- **Task requirements**: Only the pictures stay out; please return all the entries below exactly as written.

- **Data shown**:
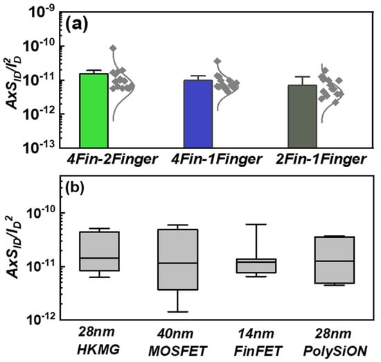 In the characteristics of 1/f noise in 2D logic devices, researchers generally believe that the normalized drain current noise (A × SID/ID2) is approximately a constant when VGS equals to Vth, and the amplitude of normalized drain current noise (SID/ID2) is inversely proportional to the area of the device channel []. Here, A is the area of the device channel, SID is the current noise of the drain end, and ID is the current of the drain end. In order to systematically explore the 1/f noise characteristics of 3D logic devices, we have made a statistical study of three different FinFET devices, namely 4Fin-2Finger, 4Fin-1Finger and 2Fin-1Finger. As shown in Figure 3a, the normalized drain current noise (A × SID/ID2) is also approximately a constant in three FinFET devices with different structures. Compared with the other three 2D logic devices, namely HKMG with a 28 nm process, PolySiON with a 28 nm process and HLMC with a 40 nm process, it is found that the normalized drain current noise (A × SID/ID2) parameters of devices with different process nodes, different materials and different structures are all approximately a constant, as shown in Figure 3b. This shows that the amplitude of the normalized drain current noise (SID/ID2) has nothing to do with the process node, material and structure, but only with the area of the channel, whether in 2D or 3D logic devices. Therefore, reducing the channel area is one of the effective ways to obtain high-density noise. In addition, we can see from Figure 3b that the variance of the normalized drain current noise (A × SID/ID2) of devices with different process nodes is different, and as the process node decreases, the variance of the normalized drain current noise (A × SID/ID2) also becomes smaller. A possible reason is that as process nodes are scaled down, the variability in defect density distribution in the device channels also decreases.
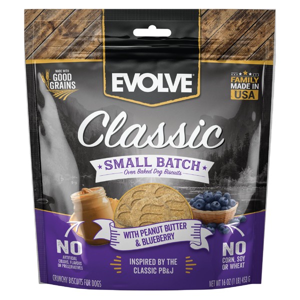 Evolve Classic Small Batch Oven Baked with Peanut Butter and Blueberry Biscuits Dog Treats, 16oz
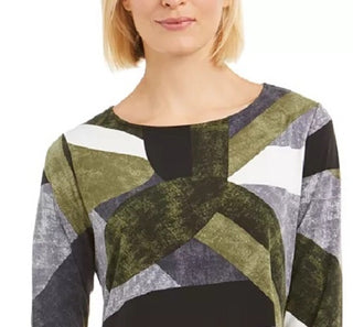 Alfani Women's Printed Swing Top Grey Size X-Large
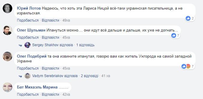 Заявление детской писательницы вызвало живую дискуссию под постом Долинского. Нашлись те, кто раскритиковал Ницой и ужаснулся, что ее книги читают украинские дети. Другие уличили ее в антисемитизме и назвали ее "юдофобкой".
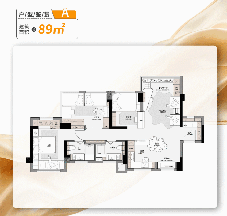 建面约89㎡A户型,南北对流,堪称光明区极具性价比的横厅户型。
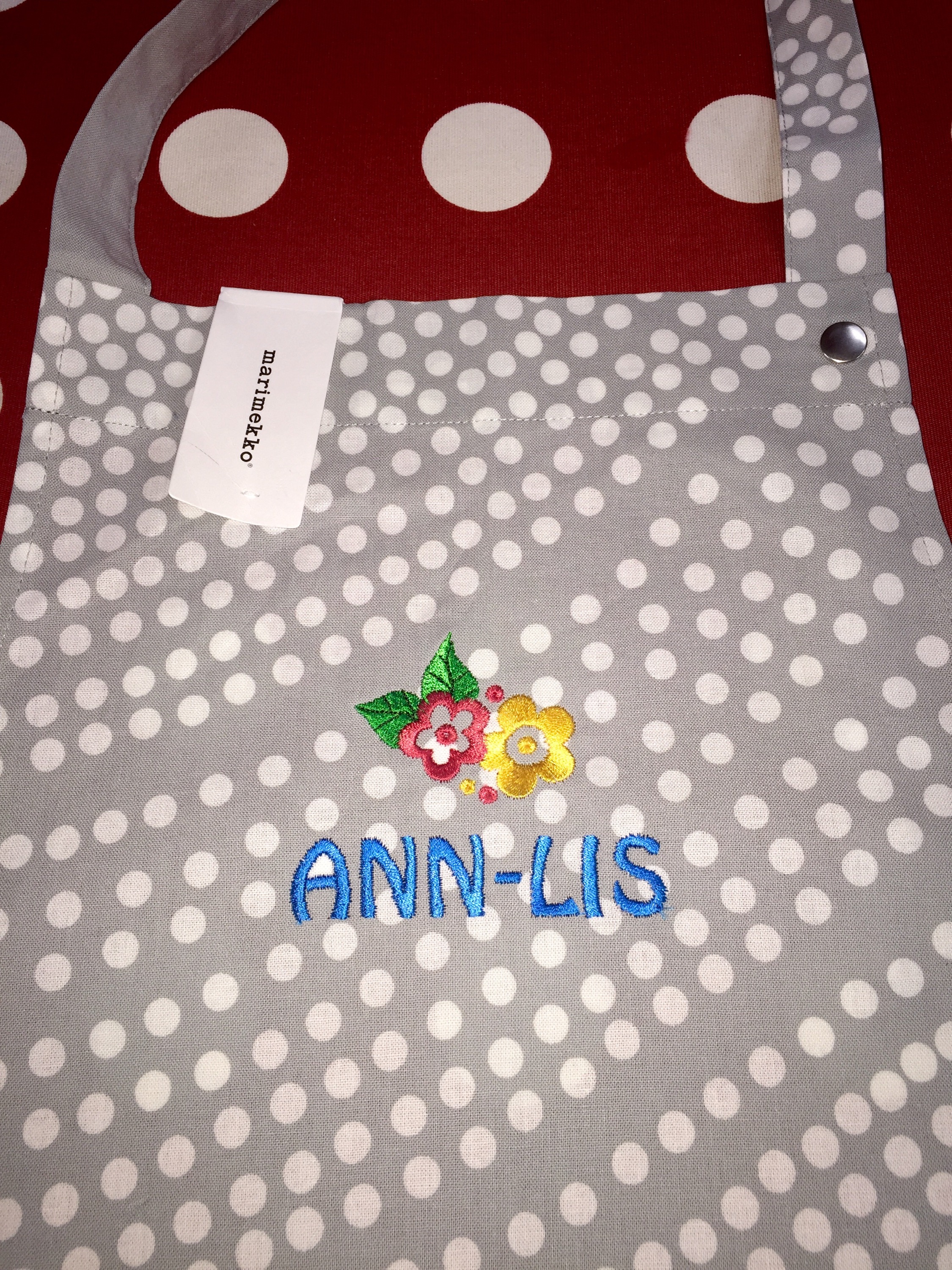 My mother in law got an embroidered apron. Last year I made her one, but there is a merimekko in my building at work. Since she is from Finland and loves their items, I bought the apron and added the embroidery.

- **Answer space**:
 In the characteristics of 1/f noise in 2D logic devices, researchers generally believe that the normalized drain current noise (A × SID/ID2) is approximately a constant when VGS equals to Vth, and the amplitude of normalized drain current noise (SID/ID2) is inversely proportional to the area of the device channel []. Here, A is the area of the device channel, SID is the current noise of the drain end, and ID is the current of the drain end. In order to systematically explore the 1/f noise characteristics of 3D logic devices, we have made a statistical study of three different FinFET devices, namely 4Fin-2Finger, 4Fin-1Finger and 2Fin-1Finger. As shown in Figure 3a, the normalized drain current noise (A × SID/ID2) is also approximately a constant in three FinFET devices with different structures. Compared with the other three 2D logic devices, namely HKMG with a 28 nm process, PolySiON with a 28 nm process and HLMC with a 40 nm process, it is found that the normalized drain current noise (A × SID/ID2) parameters of devices with different process nodes, different materials and different structures are all approximately a constant, as shown in Figure 3b. This shows that the amplitude of the normalized drain current noise (SID/ID2) has nothing to do with the process node, material and structure, but only with the area of the channel, whether in 2D or 3D logic devices. Therefore, reducing the channel area is one of the effective ways to obtain high-density noise. In addition, we can see from Figure 3b that the variance of the normalized drain current noise (A × SID/ID2) of devices with different process nodes is different, and as the process node decreases, the variance of the normalized drain current noise (A × SID/ID2) also becomes smaller. A possible reason is that as process nodes are scaled down, the variability in defect density distribution in the device channels also decreases.
 Evolve Classic Small Batch Oven Baked with Peanut Butter and Blueberry Biscuits Dog Treats, 16oz
 Alfani Women's Printed Swing Top Grey Size X-Large
 Заявление детской писательницы вызвало живую дискуссию под постом Долинского. Нашлись те, кто раскритиковал Ницой и ужаснулся, что ее книги читают украинские дети. Другие уличили ее в антисемитизме и назвали ее "юдофобкой".
 建面约89㎡A户型,南北对流,堪称光明区极具性价比的横厅户型。
 My mother in law got an embroidered apron. Last year I made her one, but there is a merimekko in my building at work. Since she is from Finland and loves their items, I bought the apron and added the embroidery.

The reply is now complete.